Data Lake Instance
Jump to navigation
Jump to search
A Data Lake Instance is a large composite heterogeneous data base with data bases in their original data structure.
- Context:
- It can (typically) be intended to increase Data Accessibility.
- It can (typically) be accessed by a Data Lake Querying System, such as a Hadoop-based or Spark-based querying system.
- It can (often) be associated with a Meta-Data Repository.
- It can (often) support Ad Hoc Analysis Tasks.
- It can (often) have a unified Data Format, such as JSON or Parquet.
- It can (often) be a Big Data Dataset.
- It can range from (typically) being a Centralized Data Lake to being a Distributed Data Lake (e.g. a federated data lake).
- It can range from being a High-Quality Data Lake to being a Low-Quality Data Lake(data swamp with few data quality checks).
- It can be hosted by a Data Lake System, such as a Custom Data Lake System or a Commercial Data Lake Service, such as Azure "Data Lake"[1].
- Example(s):
- a Maine's Data Lake Instance.
- Google's Data Lake of Sept 29th 2016.
- an AWS S3-based Data Lake.
- …
- Counter-Example(s):
- a Federated Database.
- a Data Warehouse (a subject-oriented database with an enterprise schema), such as a financial data warehouse).
- an AWS S3 Log File Repository.
- a Associative Array Database.
- See: Operational Data Store, Data Strategy, Data Management Maturity Model.
References
2016
- (Wikipedia, 2016) ⇒ http://wikipedia.org/wiki/data_lake Retrieved:2016-2-4.
- A data lake is a large storage repository and processing engine. They provide "massive storage for any kind of data, enormous processing power and the ability to handle virtually limitless concurrent tasks or jobs".
2016
- (Halevy et al., 2016) ⇒ Alon Y. Halevy, Flip Korn, Natalya Fridman Noy, Christopher Olston, Neoklis Polyzotis, Sudip Roy, and Steven Euijong Whang. (2016). “Managing Google's Data Lake: An Overview of the Goods System.” In: {IEEE} Data Eng. Bull., 39(3).
- QUOTE: For most large enterprises today, data constitutes their core asset, along with code and infrastructure. For most enterprises, the amount of data that they produce internally has exploded in recent years. At the same time, in many cases, engineers and data scientists do not use centralized data-management systems and end up creating what became known as a data lake - a collection of datasets that often are not well organized or not organized at all and where one needs to "fish" for useful datasets. In this paper, we describe our experience building and deploying GOODS, a system to manage Google's internal data lake.
2016
- http://blog.zaloni.com/modernizing-your-big-data-architecture-key-considerations
- QUOTE:
- Enable the lake: Build the lake and determine how you will ingest, organize and catalog your data.
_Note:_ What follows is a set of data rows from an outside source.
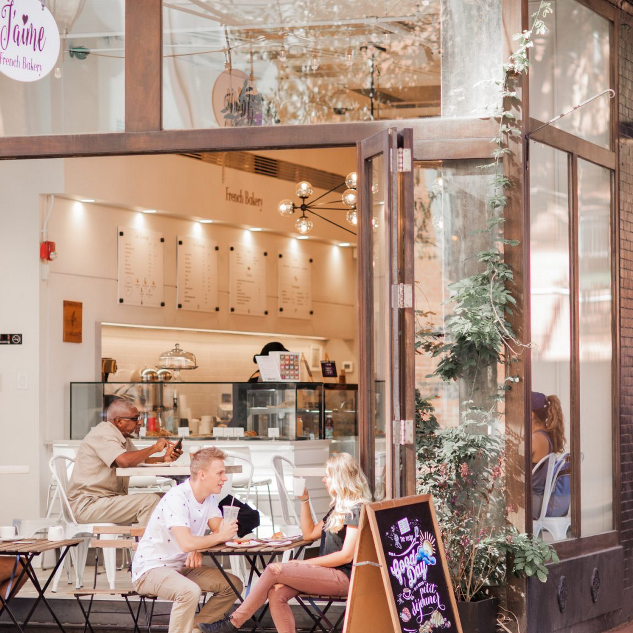 J'aime and its staff welcome you in a very bright café environment where you will find a wide variety of traditional french pastries, such as croissants, madeleines, eclairs, crêpes. You will also find coffee from La Colombe, tea and some lunch options (quiches, sandwiches, ect.)
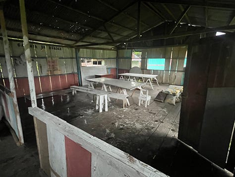 To the left was a large open concrete building that was the cafeteria and a kitchen for the village’s school. Carlos walked us inside the facility which was nothing more than a crude concrete frame with open windows. Two thirds of the space was set up with makeshift tables and erstwhile seating. A whiteboard sat on the floor along the wall.
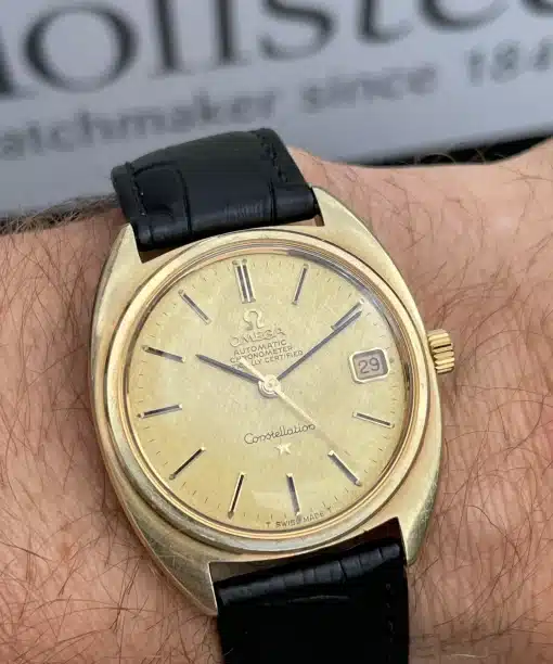 Omega Constellation tillverkad i slutet av 60-talet. Guld på stål och med en otroligt vacker champagnefärgad linne-tavla.

- Govern the data: This involves data quality rules, automation workflows, as well as data security.
- Engage the business: Deliver the data to more end users, including business end users, to maximize its value — “democratizing” access to your data. This involves implementing tools that make data discovery, enrichment and provisioning very intuitive for less-technically savvy business users.
- QUOTE:
2015
2015
- https://azure.microsoft.com/en-us/solutions/data-lake/
- Azure Data Lake includes all the capabilities required to make it easy for developers, data scientists, and analysts to store data of any size, shape and speed, and do all types of processing and analytics across platforms and languages. It removes the complexities of ingesting and storing all of your data while making it faster to get up and running with batch, streaming, and interactive analytics. Azure Data Lake works with existing IT investments for identity, management, and security for simplified data management and governance. It also integrates seamlessly with operational stores and data warehouses so you can extend current data applications. We’ve drawn on the experience of working with enterprise customers and running some of the largest scale processing and analytics in the world for Microsoft businesses like Office 365, Xbox Live, Azure, Windows, Bing and Skype. Azure Data Lake solves many of the productivity and scalability challenges that prevent you from maximizing the value of your data assets with a service that’s ready to meet your current and future business needs.